Silver is used in tiny amounts in a multitude of industrial applications. Consequently, if the price rises its usage will not diminish significantly. Furthermore, the low price of silver for many years has meant that no one has searched for substitutes. That means industry must have it or go out of business. Silver analyst Theodore Butler has postulated that the growing tightness in supply will eventually boil over into an industrial panic where silver users must have the silver at any price.
The gradual education of investors to silver’s numerous bullish aspects has led to increased buying. This dramatic upsurge in silver purchases has meant record demand for silver coins and bars from the U.S. Mint and elsewhere. All around the world silver is being hoarded and stashed away as a hedge against reckless money creation and for its potential to make a gargantuan profit. People who learned about silver early are already up 800% and the most bullish arguments for silver have yet to unfold.
On top of the record demand for silver and a seeming shortage comes another astonishing argument first uncovered by Mr. Butler. A short position exists in silver futures that is much larger than any other commodity. More than half of annual silver production has been sold short. This short selling has been concentrated in a few hands (JPMorgan, etc.). This short position has suppressed the price of silver for many years. The law of supply and demand tells us that an artificially low price reduces supply and increases demand. That explains the signs of a silver shortage that are now cropping up. Inevitably, if the free market price is held down a shortage must arise.
A shortage that drives up the price would force many of the shorts to buy back their paper silver contracts and further impact prices. It would cause industrial users to double down on their silver buying. It would attract hoards of new silver investors.

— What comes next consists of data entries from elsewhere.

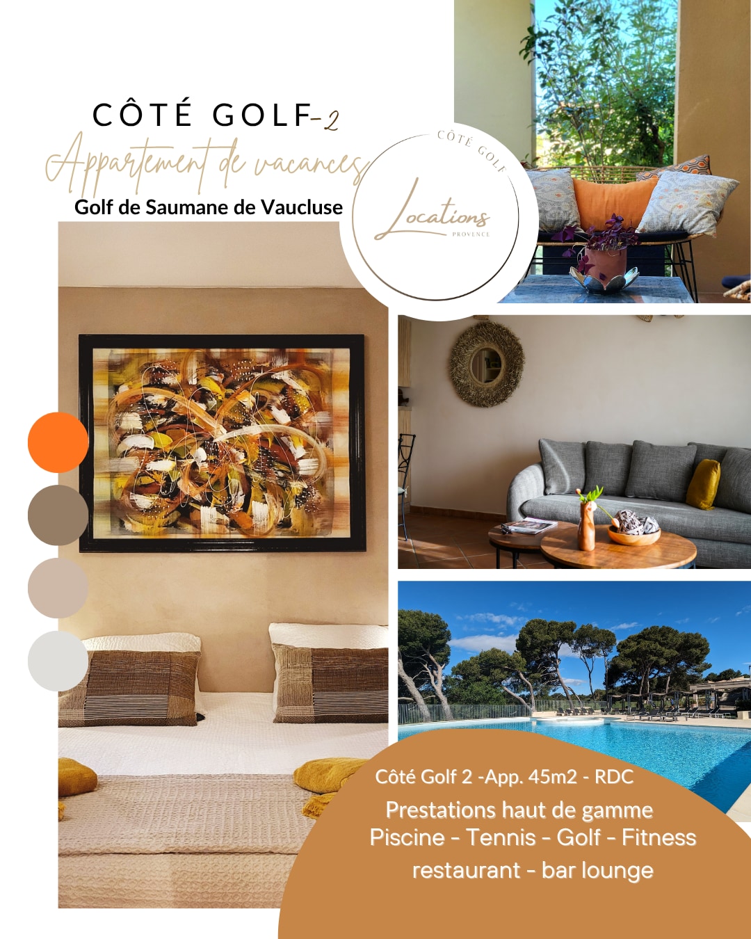 Superb 40 m2 apartment with a large 16 m2 terrace overlooking a pine forest, so very quiet, located in a residence in the heart of the Golf de Saumane with swimming pool, tennis courts, fitness room, bar and restaurant! Ideally located 5 minutes from Isle sur la Sorgue, full of tourist attractions nearby, Le Luberon, Les Alpilles, Saint-Rémy-de-Provence, Mont Ventoux and of course Avignon half an hour away! The apartment is on the 1st floor (there is only one floor)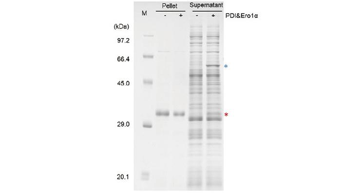 活性提高:在翻译反应中加入人内质网氧化还原酶(Ero1α)和蛋白质二硫异构酶(PDI),利于二硫键的形成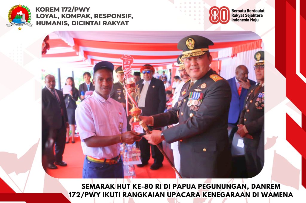 Wamena – Peringatan Hari Ulang Tahun (HUT) ke-80 Kemerdekaan Republik Indonesia di Provinsi Papua Pegunungan berlangsung meriah dan penuh khidmat. Danrem 172/ PWY Brigjen TNI Tagor Rio Pasaribu, S.E., turut serta mengikuti seluruh rangkaian kegiatan yang dipusatkan di Kota Wamena sejak Sabtu (16/8/2025) hingga Minggu (17/8/2025).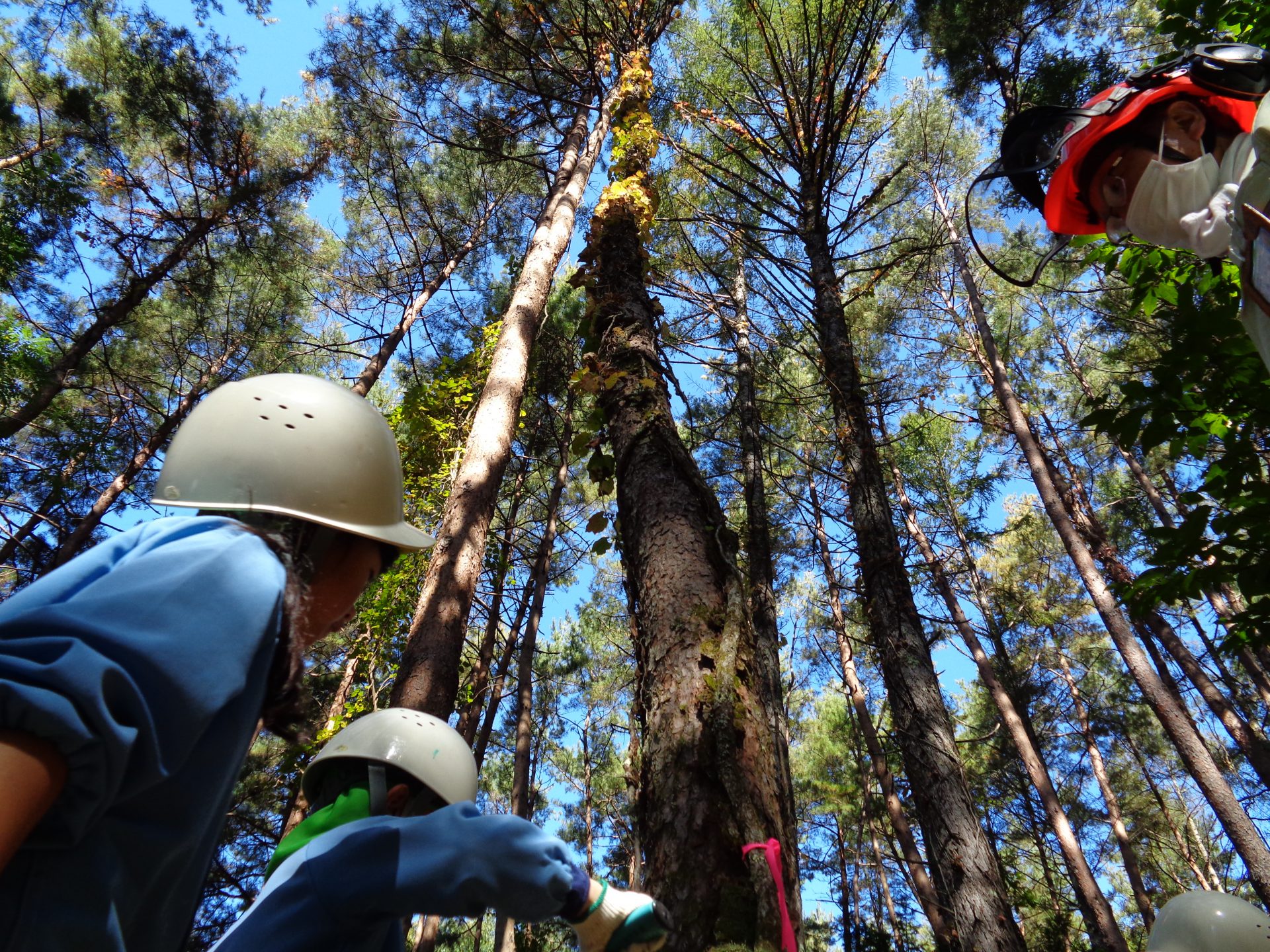 作業が終わって、お話を聞きました。大きい木の名前や年・・・これは赤松で、70歳くらい。

However, this inevitable shortage is not absolutely necessary. The Commodity Futures Trading Commission which has been investigating silver for 3 ½ years could act to curtail the concentrated short selling. This would be extremely bullish. The big short would have to reduce its short position and most importantly couldn’t go short in the future. Ted Butler used to say that silver is an atomic bomb on top of a hydrogen bomb on top of a neutron bomb. The best thing about the silver story is that the price has yet to reflect these powerfully bullish sentiments. Given all this how can you not buy silver?